The nix package builds bpf-linker v0.10.1 from source against LLVM 22 to match the nightly rust toolchain's LLVM version. nixpkgs ships bpf-linker 0.9.15 with LLVM 21 which can't read object files produced by the newer LLVM.
Tested on two NixOS machines only — one aarch64-linux and one x86_64-linux.
Kernel struct field offsets (e.g. task_struct, mm_struct) are hardcoded per architecture at compile time. This means the eBPF program must be built with the correct --features arch-x86_64 or --features arch-aarch64 flag, and may break across kernel versions if struct layouts change.

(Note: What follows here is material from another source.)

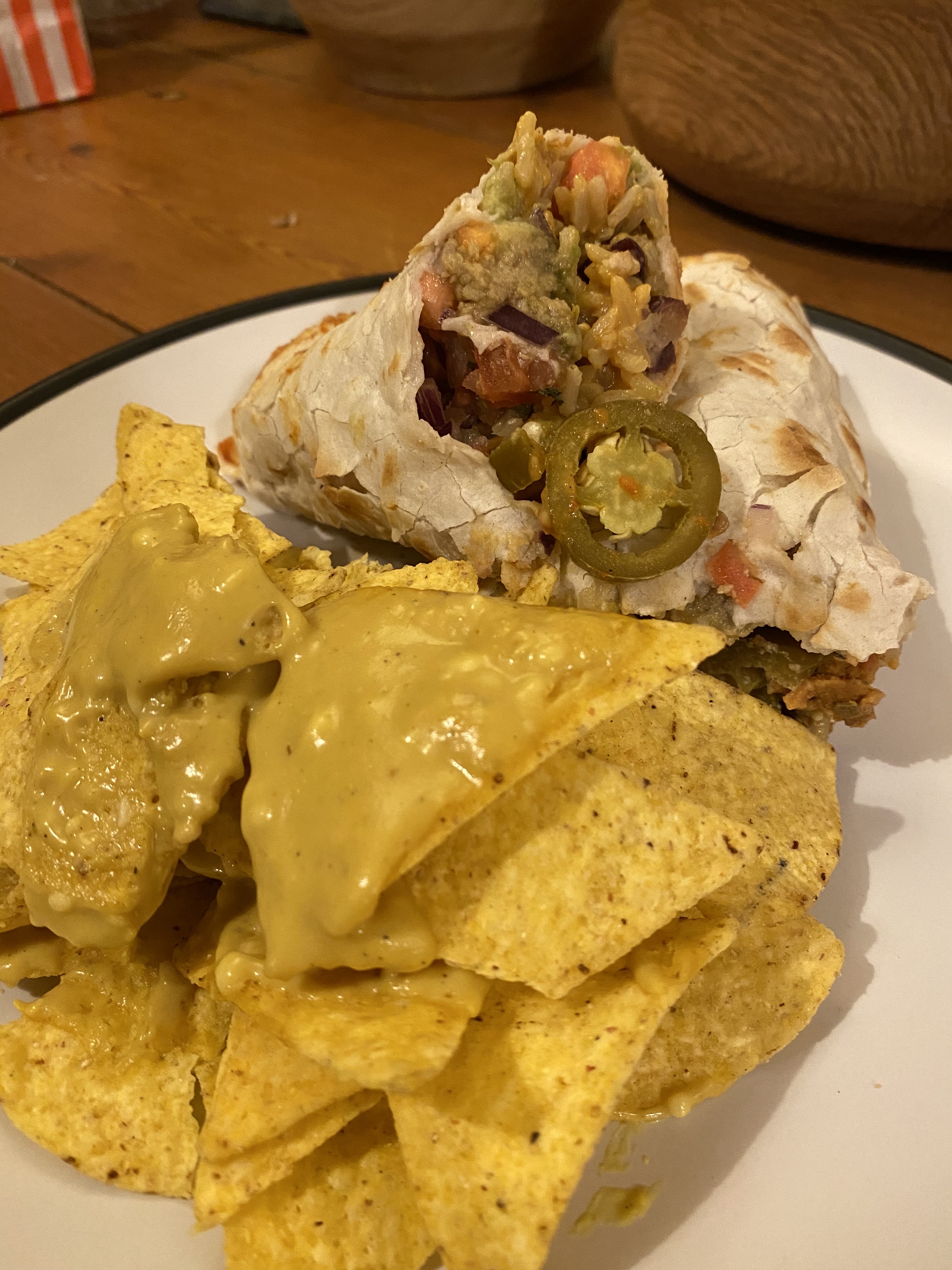 I ordered the burrito, which came with a side of tortilla chips. I really enjoyed the chunks of their signature homemade seitan found throughout the burrito, probably actually more-so than if I’d had it in a burger as one huge patty. The wrap was packed full of filling, and it wasn’t just bulked out with rice, there was a generous amount of smokey, spicy ‘meat’ mixture in there. The wrap had managed not to go soggy in transit, and the burrito was soft but still had a crunch from fresh tomato and raw onion. It had a decent heat to it too from jalapeños hidden throughout, though the spice was cooled down with creamy avocado. It was a delicious and filling meal: home-cooking style comfort food without the effort of having to make it yourself.

Ideally we'd use CO-RE (Compile Once, Run Everywhere) to resolve offsets at load time from the target kernel's BTF. Aya's loader fully supports CO-RE relocations, but aya-ebpf (the BPF-side Rust SDK) can't emit them because rustc doesn't expose LLVM's __builtin_preserve_access_index intrinsic. This is tracked at aya-rs/aya#349.

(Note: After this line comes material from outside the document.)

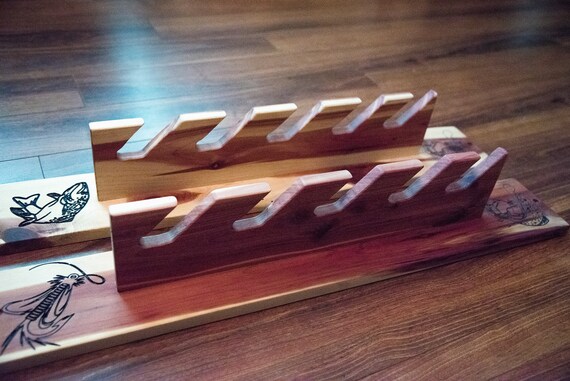 Fly Rod Fishing Rod Rack Carved Wooden Etsy

htop was the inspiration for this project. It's too resource heavy! bpftop is much faster — see the benchmarks below
psc was also an inspiration for this project. I didn't realize bpf was this far along until I saw that project.
bpftop uses a BPF task iterator to walk the kernel's task list in a single pass, plus 4 constant /proc reads for system-wide stats (/proc/stat, /proc/meminfo, /proc/loadavg, /proc/uptime). htop opens and reads ~4 files per process per refresh (/proc/PID/stat, status, cmdline, cgroup), so its syscall count grows linearly with process count.

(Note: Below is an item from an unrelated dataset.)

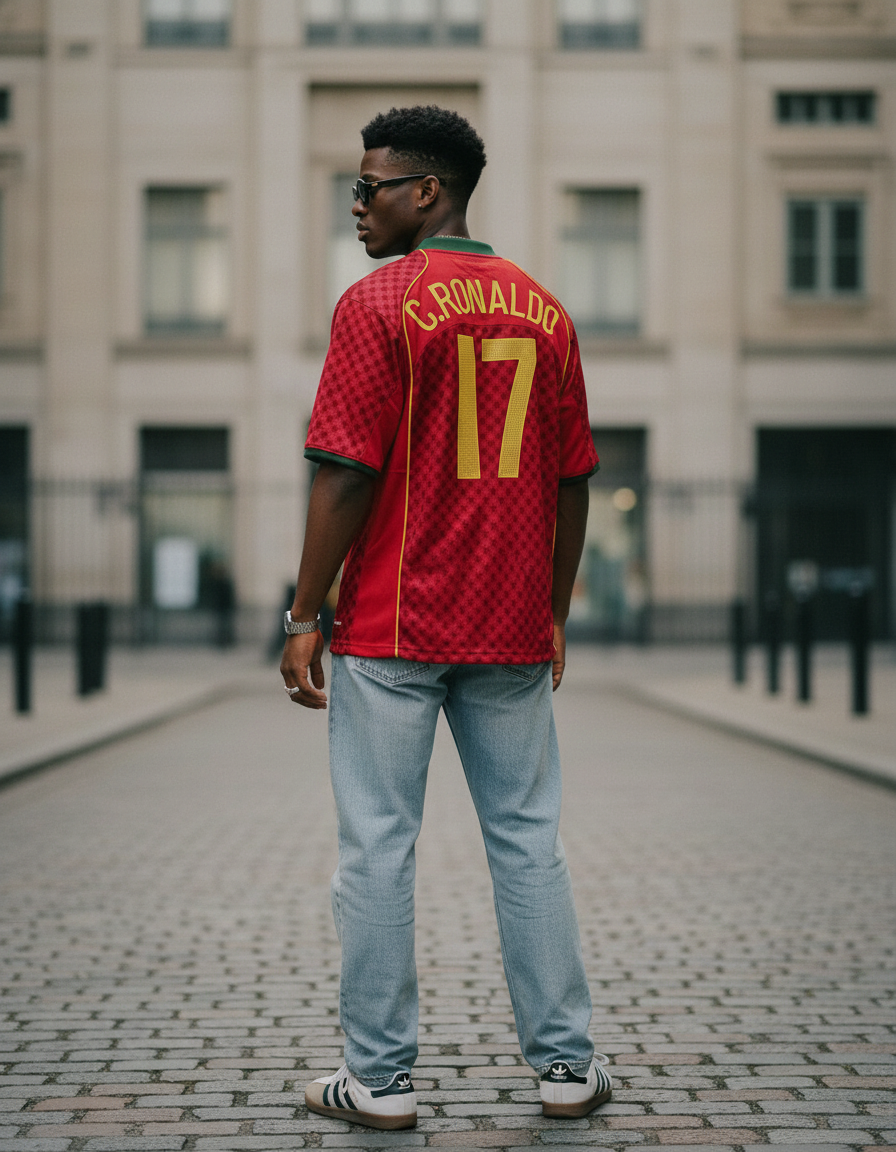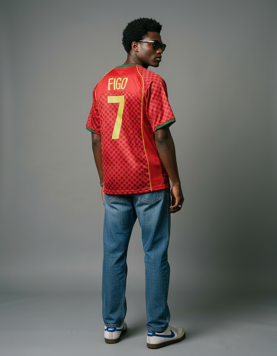 Camiseta Portugal 2004 en rojo, con patrón tonal de rombos y detalles en verde en cuello y mangas. Un diseño icónico de la Eurocopa donde alcanzaron la final. ⚽ Vestida por figuras como Figo, Cristiano Ronaldo y Deco, símbolo de una generación inolvidable.

Syscall scaling — At each process count (100–10,000), dummy sleep processes are spawned and both tools are run under strace -f -c to count total syscalls. htop scales linearly; bpftop stays flat.
Collection time — Each tool is benchmarked with hyperfine at each scale point. bpftop runs bench --iterations 1 --warmup 0 (one BPF iterator walk + 4 /proc reads). htop runs htop -d 1 -n 5 under script for a pseudo-tty. Shaded bands show stddev.
Syscall breakdown at N=5000 — Per-syscall counts from strace -f -c showing htop dominated by read/openat/close (per-PID /proc scraping) while bpftop's counts are near zero on the log scale.
# Build the bench binary
cargo build --release --bin bench
# Enter the devshell (provides hyperfine, strace, htop, matplotlib)
nix develop
# Run benchmarks (needs root for BPF)
sudo bash bench/run.sh
# Generate graphs
python3 bench/plot.pySee bench/ for the full methodology. Timing uses hyperfine for statistically rigorous measurements. Syscall counts use strace -c.